Маму лихорадило. Она вся горела, металась в беспамятстве, бредила. Звала то меня, то Уну, то свою мать, мою покойную бабку. Несколько раз я слышала имя Неда. А иногда у нее вдруг резко перехватывало дыхание, и, тогда мне в ужасе начинало казаться, что еще миг — и оно совсем оборвется.
Срочно вызванная травница только головой покачала.
— Я сделала все, что в моих силах, девочка, теперь остается только ждать. Если к завтрашнему дню жар спадет, хорошо. Справилась, значит. Переборола. Смогла. Дальше дело пойдет на лад.
— А если… нет?
Женщина не ответила, отвернулась, пряча лицо, и я помертвела.
— Молись, деточка, — произнесла она через несколько мгновений оглушающей тишины. — Проси Каари сжалиться. Больше ты матушке сейчас ничем не поможешь.
Зора так и не ушла домой, за что я была ей очень благодарна. Она осталась на постоялом дворе, и время от времени заходила к нам — проверяла состояние больной, по глотку вливала ей в рот лекарства, окуривала душистым травяным дымом.
Я всю ночь провела у постели мамы. Не отрывая от нее взгляда, опускала кусочек холщовой ткани в миску с холодной водой, а потом протирала раскаленный от жара лоб. Снова… Снова… И снова… Вода быстро нагревалась, я поднималась, чтобы поменять ее, и все повторялось сначала.
Уна пыталась помогать, но сама была еще слишком слаба и быстро свалилась без сил, забывшись тяжелым сном.

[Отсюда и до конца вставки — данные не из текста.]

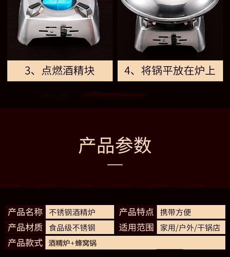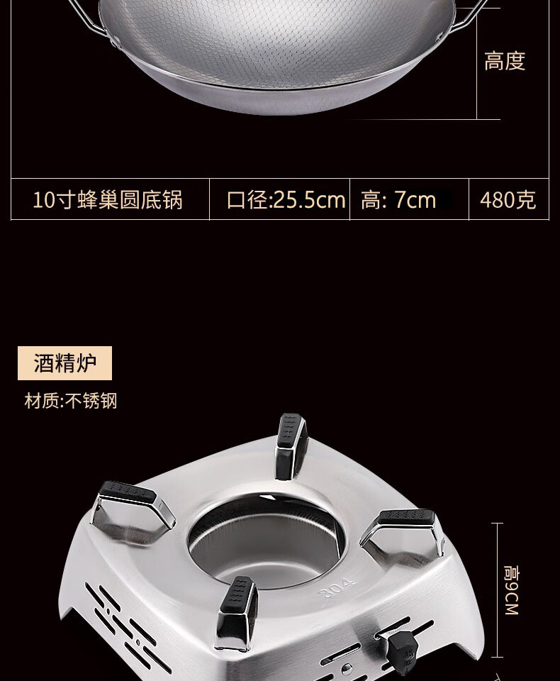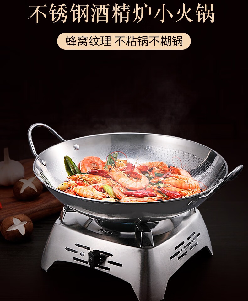 Tiger God alcohol stove hot pot dry pot outdoor alcohol 304 stainless steel pot household dry boiler small hot pot 304 alcohol stove + stainless steel honeycomb pot 10 inches evenly heated, honeycomb anti-sticking

К утру маме не стало лучше, а я… Я слишком устала, чтобы думать о плохом, да и вообще о чем-либо думать. Прошедшая ночь полностью вымотала меня, опустошила, и я просто сидела и смотрела… То на маму, то на окно, за которым занимался серый, хмурый рассвет. Или он казался мне таким?
За окном неожиданно басовито залаяла собака. Хлопнула дверь. Зазвучали шаги, приглушенные голоса.
Наверное, новые постояльцы приехали…
Это мысль мелькнула на краю сознания, не вызвав ни любопытства, ни интереса, и я уже почти погрузилась в ставшее за эти несколько часов привычным оцепенение, как вдруг одно слово… одно-единственное слово все изменило.
— Лэйры, — вдруг как-то особенно громко и отчетливо произнесла Ларка. — Такая честь для нас… такая честь… Все, что скажете, гости дорогие… Что вашим милостям угодно… Я мигом…
Лэйры? Маги? А вдруг и целитель с ними?
Вязкого оцепенения как не бывало. Я вскочила на ноги и, даже не расправив помятого платья, бросилась к двери.